The first day of confirmation hearings for Supreme Court nominee Judge Ketanji Brown Jackson was, frankly, designed to fail. That is if the goal of the hearings is to determine whether Jackson is qualified to sit on our nation’s highest court. Monday’s session allowed the 22 members of the Senate Judiciary Committee 10 minutes each to share their hopes, dreams, fever dreams and desires about, well, anything.
For those of us who watched all, some or most of Monday’s hearings, this is a trauma that won’t soon disappear.
For those of us who watched all, some or most of Monday’s hearings, this is a trauma that won’t soon disappear. “Are these really our nation’s leaders?” we may have asked ourselves, once, twice or perhaps 300 times during the course of the day. It was a good day for those arguing to abolish the Senate, but likely not for anyone else.
Senate Republicans coalesced around a few lines of attack against Jackson. One was the tired trope that judges who view the Constitution as a living document are merely politicians in robes, one of those greatest-hits criticisms that Republicans perform at every Supreme Court justice confirmation hearing. Another criticism we heard is that Jackson is supported by a dark money campaign of left-wing liberal activists. This is an odd criticism given that conservative jurists nominated by then-President Donald Trump were supported by their own dark money organizations. Many Senate Republicans evoked the ghost of the confirmation hearings of Justice Brett Kavanaugh, although their efforts to victimize Kavanaugh and themselves may have backfired in merely reminding us of the allegation of sexual assault made against him in 2018. (Kavanaugh denies the allegation.)

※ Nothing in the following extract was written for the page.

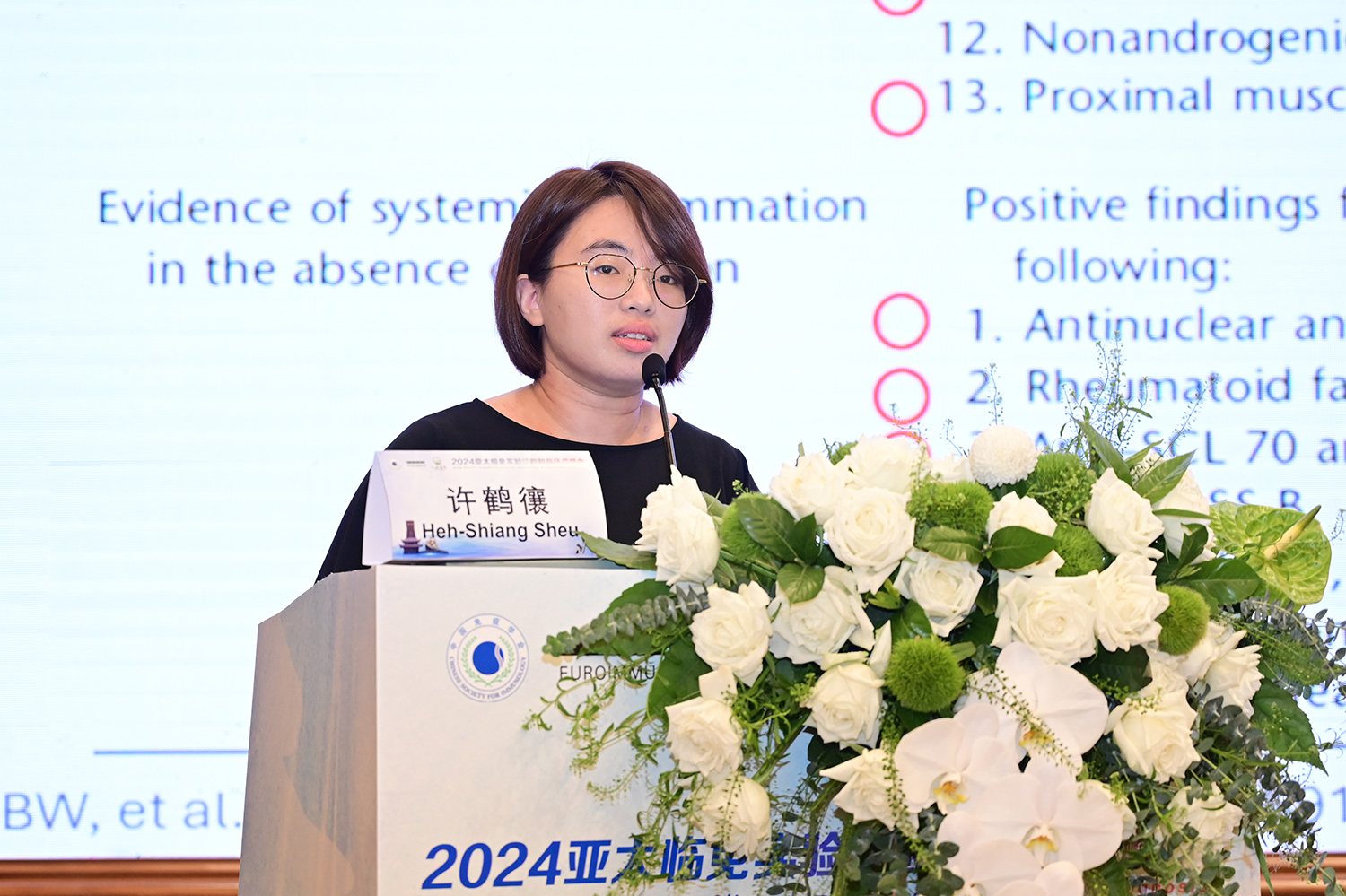 來自臺(tái)灣的許鶴忀教授首先解讀了2015年歐洲呼吸學(xué)會(huì)(ERS)/美國胸科學(xué)會(huì)(ATS)工作組提出的基于“自身免疫特征的間質(zhì)性肺炎”(IPAF)這一術(shù)語的疾病背景,明確指出IPAF分類旨在創(chuàng)建一個(gè)更加標(biāo)準(zhǔn)化、更全面的框架以及其背后歷經(jīng)的一系列疾病概念的迭代更新,如未分化結(jié)締組織?。║CTD)-ILD、肺部顯性CTD、自身免疫特征 ILD等,為我們深入理解 IPAF 奠定了理論基礎(chǔ)。IPAF 的名稱應(yīng)用于識(shí)別 IIP 患者和提示具有CTD特征,但不是確定的CTD?;趪H多個(gè)IPAF回顧性隊(duì)列研究分析顯示,關(guān)節(jié)炎、雷諾現(xiàn)象和“技工手”,是 IPAF 患者最常見的臨床特征。在血清學(xué)領(lǐng)域,ANA(抗核抗體)是最常見的抗體。在形態(tài)學(xué)上,NSIP (非特異性間質(zhì)性肺炎) 是主要模式,其次是 OP (機(jī)化性肺炎)。在預(yù)后方面,IPAF 患者的預(yù)后通常比 IPF 患者好,但與 CTD-ILD患者相比,預(yù)后更差。研究顯示,IPAF發(fā)展為系統(tǒng)性自身免疫性風(fēng)濕病的風(fēng)險(xiǎn)較非IPAF人群高14倍左右,強(qiáng)調(diào)了對 IPAF 患者進(jìn)行長期隨訪的重要性,尤其警惕符合 IPAF 血清學(xué)領(lǐng)域標(biāo)準(zhǔn)的女性患者。最近,基于意大利的一項(xiàng)研究,提出了一種稱為“具有自身免疫特征的尋常型間質(zhì)性肺炎”的分類 (UIPAF),引起了學(xué)術(shù)界廣泛關(guān)注,也從另一個(gè)維度反應(yīng)了此類疾病的異質(zhì)性、復(fù)雜性及目前分類標(biāo)準(zhǔn)的一些局限性。最后,許鶴忀教授分享了臺(tái)中榮民總醫(yī)院ILD多學(xué)科團(tuán)隊(duì)組成,以及篩查、診斷和全程管理此類疾病的臨床路徑,為亞太地區(qū)與會(huì)代表提供了寶貴的臨床經(jīng)驗(yàn)和實(shí)踐指導(dǎo)。

But perhaps the most troubling criticism made of Jackson was not just that she is soft on crime, although this was another line of attack; it was that she is soft on a particular type of criminal: those charged with possession of child pornography. Only Republican Sens. Josh Hawley and Marsha Blackburn espoused this particular line of attack. Conservative former federal prosecutor Andrew C. McCarthy, who opposes Jackson’s nomination on other grounds, called this criticism “meritless to the point of demagoguery.”
The fact that Hawley’s argument has been fact-checked and discredited doesn’t take all of the sting out of the attack. It’s still hanging there in the air, like a cheap cologne that never quite dissipates, and perhaps that is the point. The more people like Hawley say “child pornography” and “Judge Jackson” in the same sentence, the more some people start to wonder, facts be damned.